Wednesday, 11 October 2017

Four Financial Lessons from the 40s and 50s


If you’re a retro enthusiast, you probably know a great deal about the fashions and technologies of bygone eras, but how much do you know about the way people in the past managed their finances? Probably not a great deal, which is a shame because there are are lots of things that the families of the 1940s and 50s could teach us in the 21st Century about managing our money.

If you want to get a firmer grip on your finances, check out these sound financial lessons from the 40s and 50s:

Luxuries are Just That

Anyone who grew up in the 40s and 50s will be able to tell you that luxuries were few and far between. Something as simple as receiving a mandarin in your Christmas stocking was a cause for celebration! It often seemed like everyone was struggling to make ends meet and that meant that luxuries were really luxuries which were only purchased very rarely for special occasions. What can you learn from this? When your skint and when you need cash fast, don't waste it on non-essentials - use it for only what’s necessary. When you can finally afford a little luxury, you’ll appreciate it all the more!

Providing for Yourself Makes Financial Sense

A lot of people growing up in the 40s, in particular, would have spent a great deal of time growing and harvesting their own vegetables, rearing chickens and sewing their own clothing, quite often with wool from their own sheep! Whereas today, we pop to the store to buy all the things we need, in the past, self-sufficiency was much more common, and it meant that families could make their incomes stretch much further. We could all take a leaf out of their books and start doing more for ourselves, thus cutting the amount of our salaries that we give away to third parties.

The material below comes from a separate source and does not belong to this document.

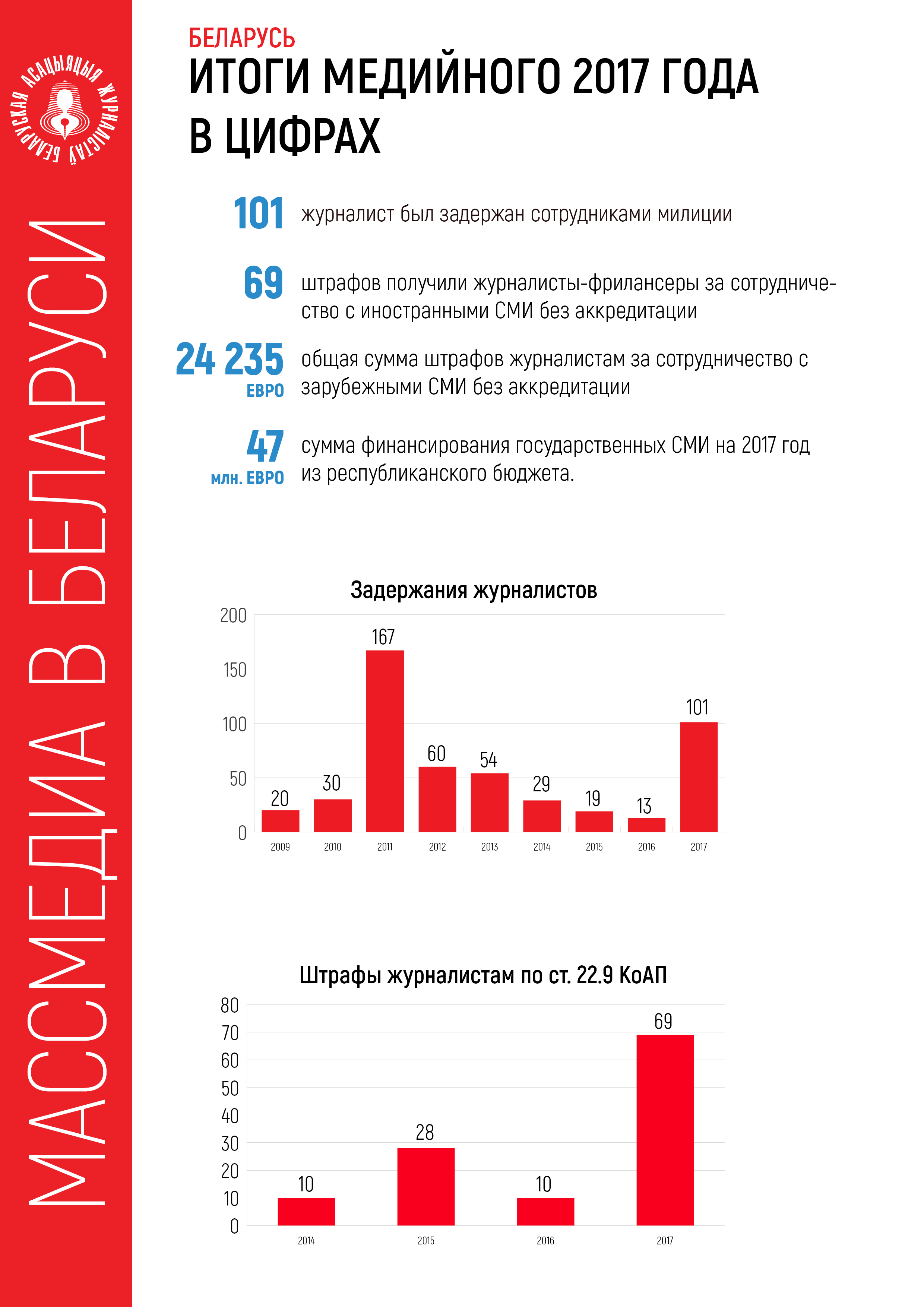 24 235 евро - общая сумма штрафов журналистам за сотрудничество с зарубежными СМИ без аккредитации;

Save for the Things You Want

Although it was possible to obtain credit in the 50s, it was very much less common than it is now and many people were naturally wary of getting into debt for anything. It was, then, much more common for families to save a small sum each payday until they had enough to buy those things they needed, Today, we’re much more likely to put it on the plastic and worry about it later, but that’s why so many people are in so much debt and why we should perhaps look to the past for advice before we open another line of credit.

Hard Work Pays

In the 40s and 50s, it wasn’t unusual for everyone in the family, including the kids, to do some form of work. People in those times understood that if you want to improve your financial situation, afford the basics and a few of the more desirable non-essentials, you have to be willing to work hard. Today, a lot of people seem to think that everything should be handed to them on a plate, but that just isn’t reality. If you want to get anywhere in life, you have to be willing to put the hours in to get it.

The 40s and 50s were simpler times in many ways, but for most people, especially in terms of finances, they were often harder too. Although we mostly have it easier now, managing our finances more like people from those eras can still help us to increase our financial stability and live better within our means.